### [Data to use]
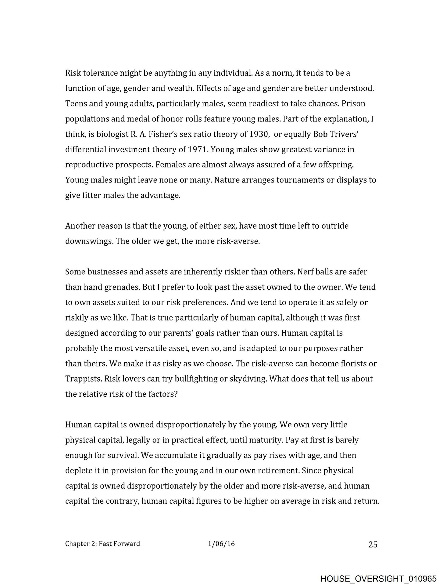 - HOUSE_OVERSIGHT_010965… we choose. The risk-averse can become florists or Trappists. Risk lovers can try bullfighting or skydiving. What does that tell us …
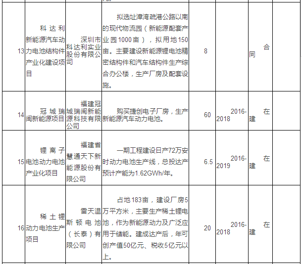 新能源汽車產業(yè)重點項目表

==

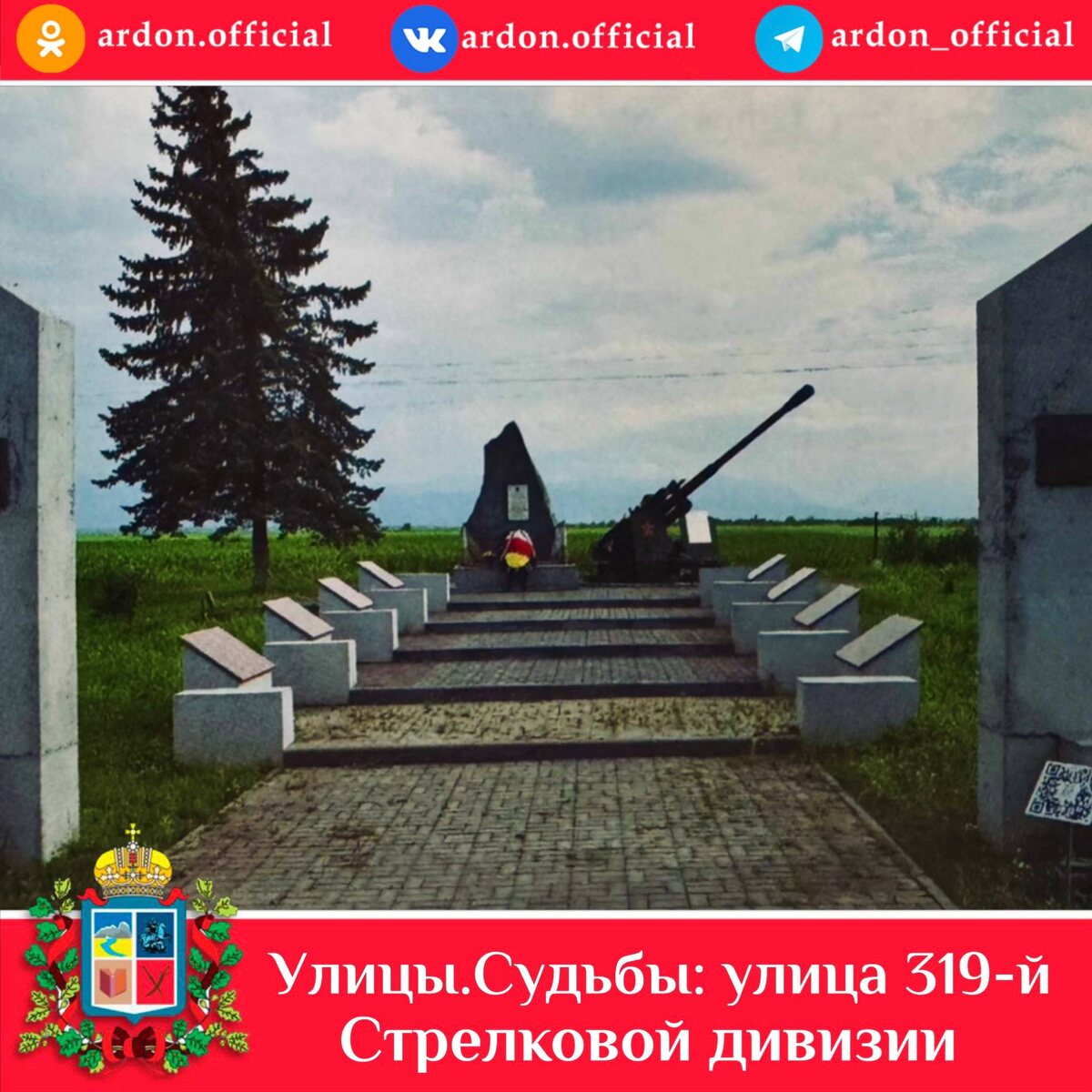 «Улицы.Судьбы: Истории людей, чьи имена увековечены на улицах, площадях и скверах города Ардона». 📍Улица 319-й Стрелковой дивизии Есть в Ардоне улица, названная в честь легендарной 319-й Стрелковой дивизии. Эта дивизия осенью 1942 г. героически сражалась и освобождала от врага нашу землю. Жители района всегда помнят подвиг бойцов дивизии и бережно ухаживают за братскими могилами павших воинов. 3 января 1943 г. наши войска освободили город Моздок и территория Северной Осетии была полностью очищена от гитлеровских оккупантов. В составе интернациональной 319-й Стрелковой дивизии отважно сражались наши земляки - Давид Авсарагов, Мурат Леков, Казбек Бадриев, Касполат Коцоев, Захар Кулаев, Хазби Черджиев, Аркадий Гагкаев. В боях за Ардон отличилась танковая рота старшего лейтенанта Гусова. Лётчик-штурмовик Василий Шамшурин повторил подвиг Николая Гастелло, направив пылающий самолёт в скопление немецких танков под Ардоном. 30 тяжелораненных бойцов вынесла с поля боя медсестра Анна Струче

--

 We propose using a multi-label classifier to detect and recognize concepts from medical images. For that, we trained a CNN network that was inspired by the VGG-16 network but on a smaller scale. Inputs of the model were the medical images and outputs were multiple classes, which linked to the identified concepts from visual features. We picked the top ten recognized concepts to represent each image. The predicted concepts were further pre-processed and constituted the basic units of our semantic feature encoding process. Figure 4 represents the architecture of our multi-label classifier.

### [Problem requirements]
Nothing but the lines above from the one that has "- HOUSE_OVERSIGHT_010965… we" down to the one that has "新能源汽車產業(yè)重點項目表" belongs in the answer, copied exactly, without pictures.

### [Response area]
 - HOUSE_OVERSIGHT_010965… we choose. The risk-averse can become florists or Trappists. Risk lovers can try bullfighting or skydiving. What does that tell us …
 新能源汽車產業(yè)重點項目表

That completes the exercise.